Retype every line from the top of the entries down to the one with "Bristol Hand Carved", both included, and skip the pictures.

##### Data to use

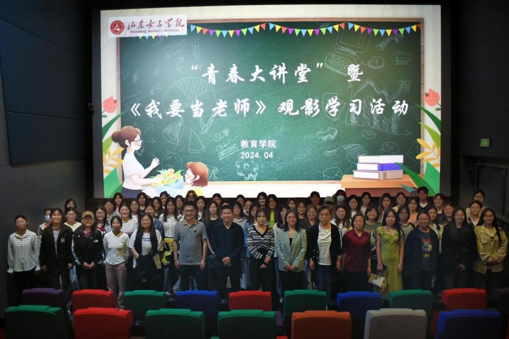 为不断推进“大思政课”协同育人建设,4月25日下午,教育学院“青春大讲堂”暨《我要当老师》观影学习活动在求真楼一楼报告厅举行。教育学院党委书记崔江宁、各教研室教师、辅导员和学生代表,百余人同上一堂思政课。学院党委副书记路敏主持活动。
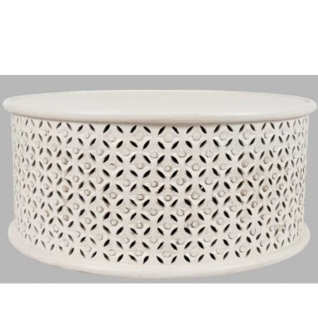Bristol Hand Carved Indian Solid Wood Round Coffee Table (White)
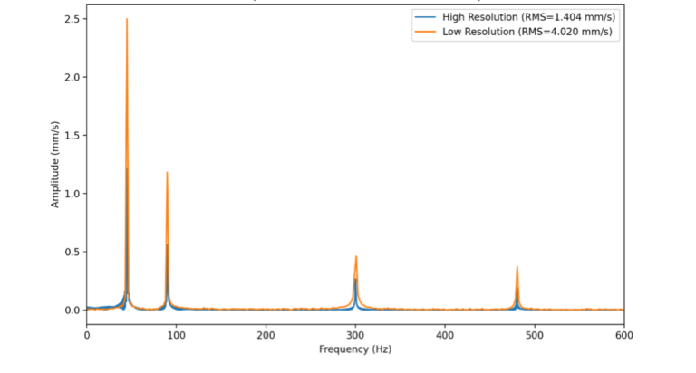 Consider two analyzers measuring up to 5 kHz. One uses 3,200 lines of resolution, while another uses only 800. The second analyzer has bins four times wider, so a vibration peak that does not fall exactly in the center of a bin becomes smeared, causing its measured amplitude to drop significantly.
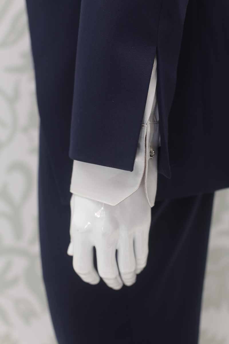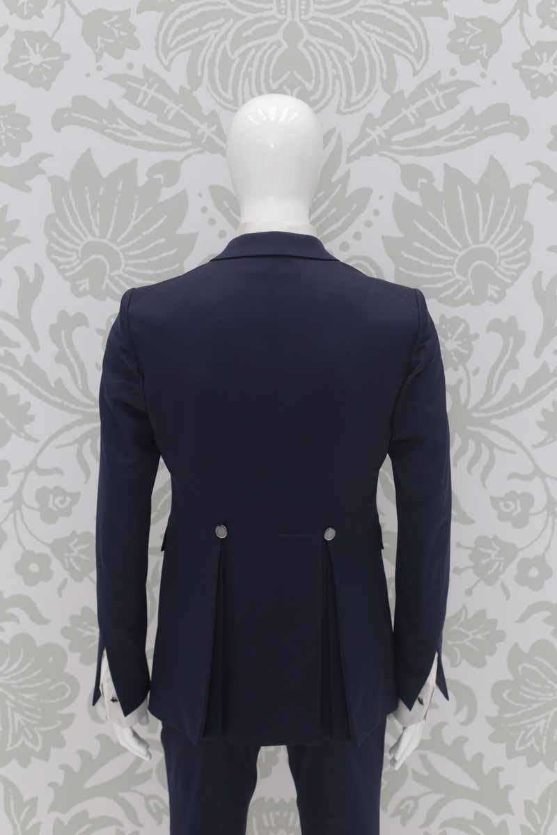 Giacca abito da sposo blu navy in raso di seta lana. Linea fashion e nel contempo dandy. La linea avanguardista dà enfasi alla bellezza del tuo corpo.
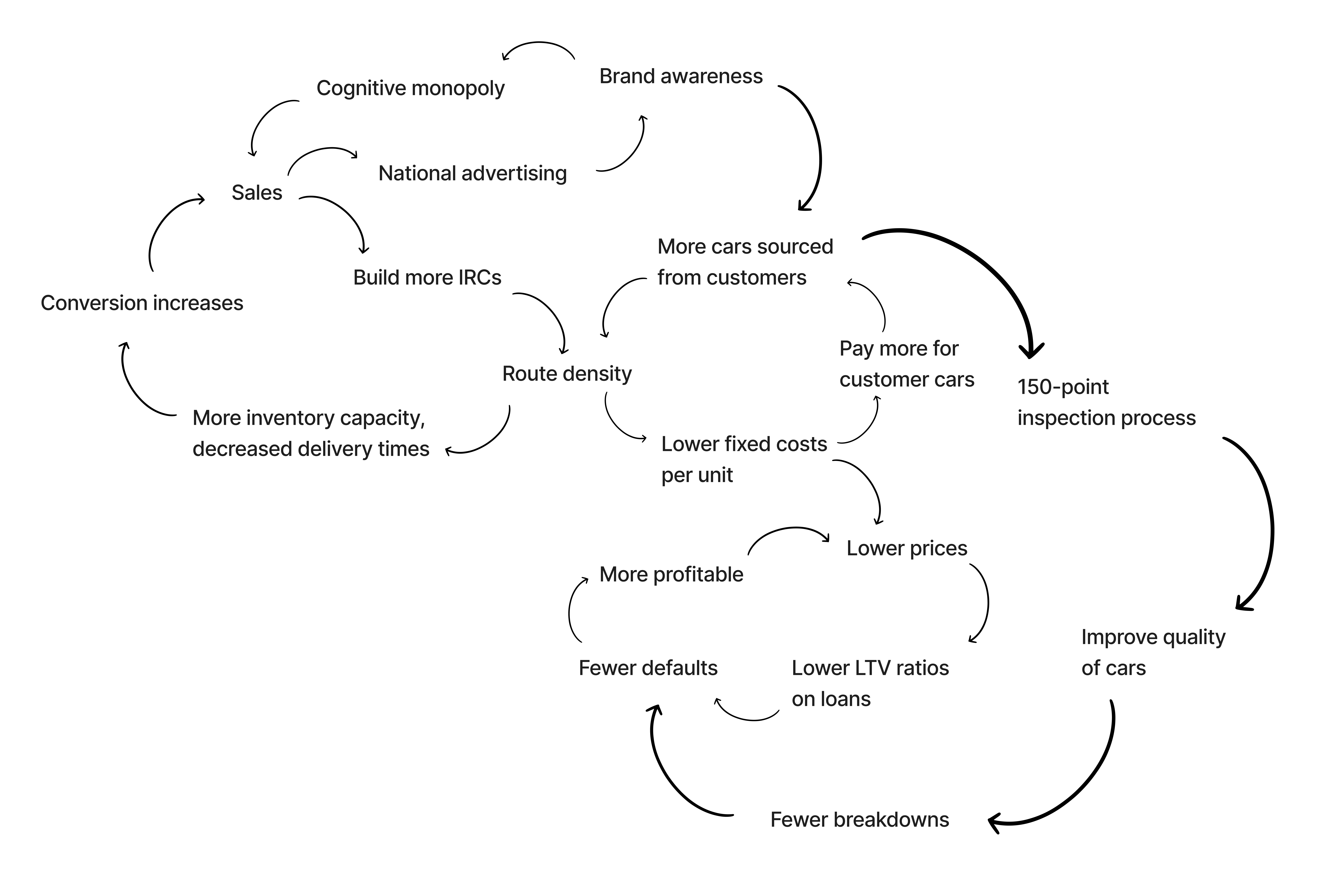 Below is my attempt to visualize Carvana’s numerous flywheels and how they interact and reinforce each other.
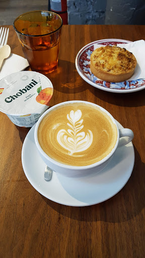 Excellent quality coffee. Off street cafe parking a huge plus. Wonderful pour over coffee brew if your time allows. Perhaps the space inside is a little small, but a wonderful historic building!
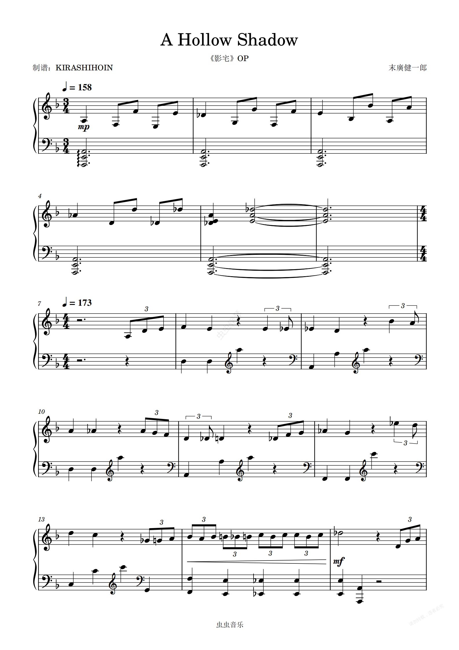 钢琴谱:A Hollow Shadow(《影宅》OP)
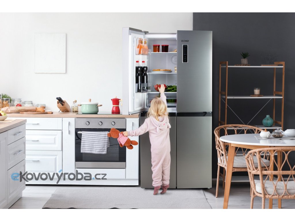 Čtyřdvéřová lednice s mrazákem dole - DOMO DO99504M, Objem chladničky: 237 l, Objem mrazáku: 125 l, Třída: D
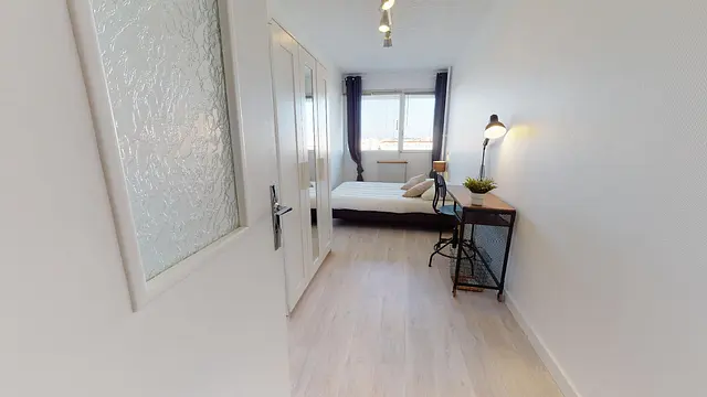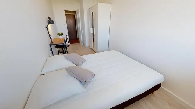 La chambre 1 de 11m2 est située sur la gauche de l’entrée. Elle se compose d’un lit double, d’un placard de rangement, d’un bureau et d’une chaise.
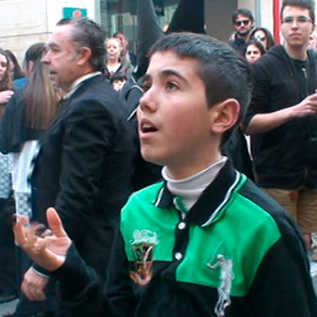 Luís Miguel Iñigo, joven promesa de cantaó. Saeta Seguiriya al Ntra Sra de los Dolores a su paso por la calle Real frente al bar Casa Puga en la Semana Santa de Almería de 2016
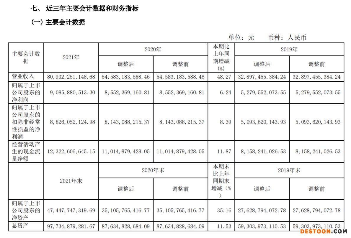 27日晚间,隆基股份披露2021年年度报告显示,全年实现营业收入809.32亿元,同比增长48.27%;归属于上市公司股东净利润90.86亿元,为历史新高,同比增长6.24%;扣非后净利润88.26亿元,同比增长8.39%;基本每股收益1.69元。
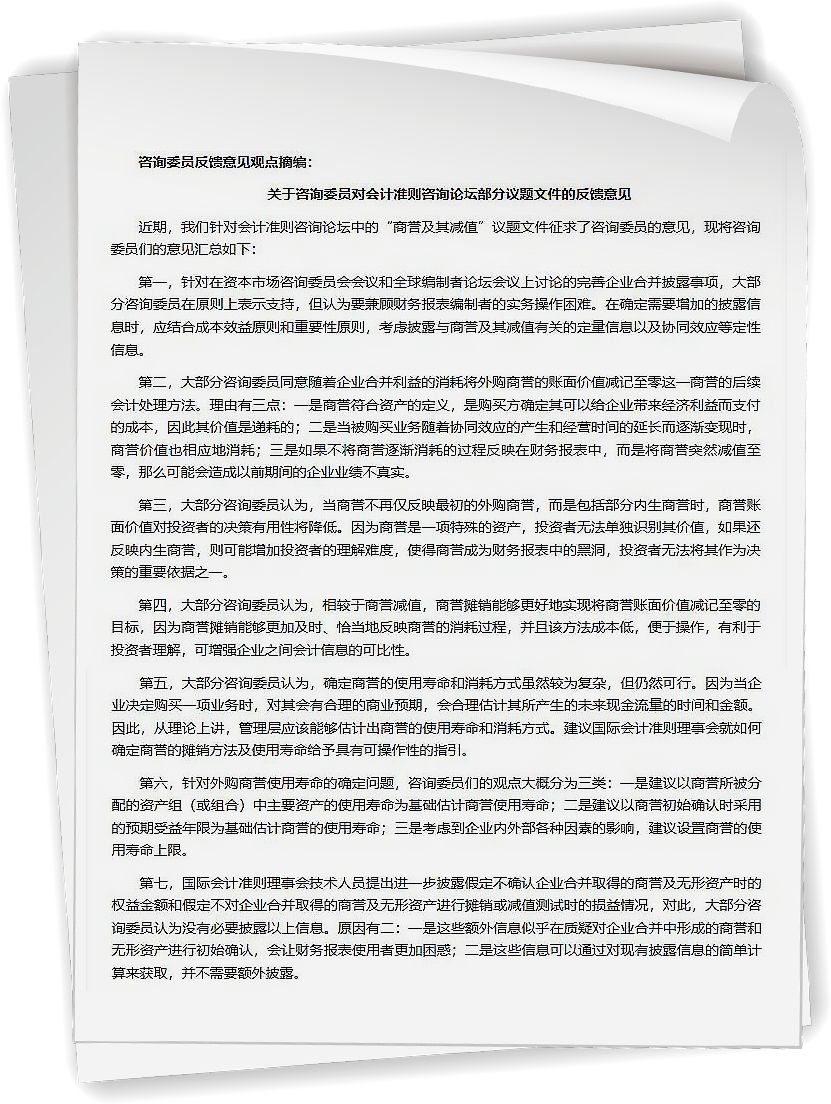 简单而言就是,该委员会的大部分咨询委员认为,应该将商誉减值改为商誉摊销。
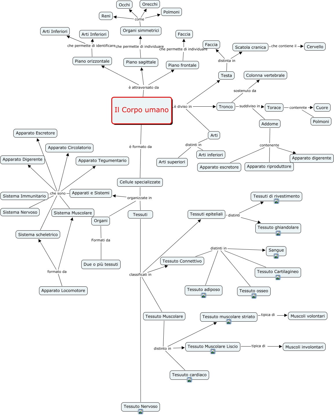 Questa Cmap, creata con IHMC CmapTools, contiene informazioni relative a: Il Corpo umano + foto.cmap, Testa distinta in Scatola cranica, Testa distinta in Faccia, Tessuto Connettivo distinti in Tessuto adiposo, Cellule specializzate organizzate in Apparati e Sistemi, Apparati e Sistemi che sono Sistema Muscolare, Torace contennte Polmoni, Tessuto Connettivo distinti in Sangue, Torace contennte Cuore, Il Corpo umano è diviso in Tronco, Piano orizzontale che permette di identificare Arti Inferiori, Tessuti classificati in Tessuti epiteliali, Tessuto Connettivo distinti in Tessuto osseo, Il Corpo umano è attraversato da Piano sagittale, Il Corpo umano è formato da Cellule specializzate, Arti distinti in Arti superiori, Tessuto Muscolare Liscio tipica di Muscoli involontari, Apparati e Sistemi che sono Sistema scheletrico, Tessuti epiteliali distinti Tessuti di rivestimento, Apparati e Sistemi che sono Apparato Escretore, Apparati e Sistemi che sono Apparato Tegumentario
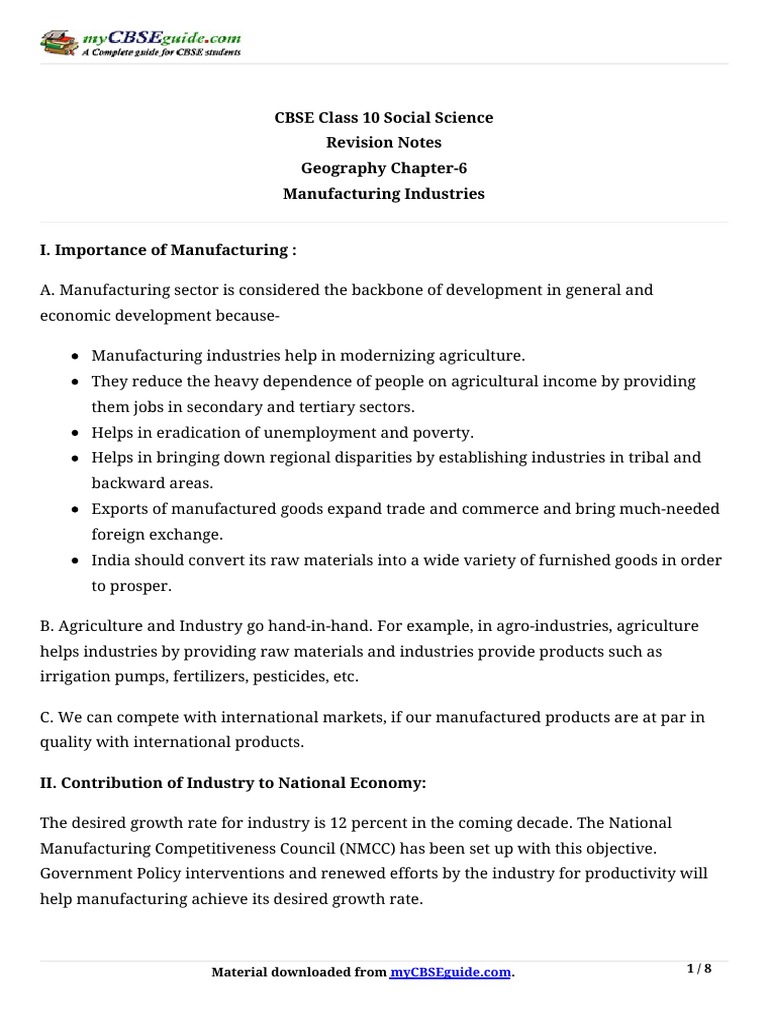 10 Social Science Geography Revision Notes Ch6 Jute Sugarcane - Short notes, brief explanation, chapter summary, quick revision notes, mind maps and formulas made for all important topics in social science in class 8 available for free download in pdf, click on the below links to access topic wise.
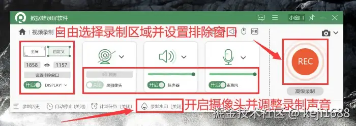 步骤2:录制开始前,我们可以自由选择录制的区域和设置好排除窗口,调整好摄像头和声音后点击【REC】录制按钮进行录制。

##########

## Expected output
 为不断推进“大思政课”协同育人建设,4月25日下午,教育学院“青春大讲堂”暨《我要当老师》观影学习活动在求真楼一楼报告厅举行。教育学院党委书记崔江宁、各教研室教师、辅导员和学生代表,百余人同上一堂思政课。学院党委副书记路敏主持活动。
Bristol Hand Carved Indian Solid Wood Round Coffee Table (White)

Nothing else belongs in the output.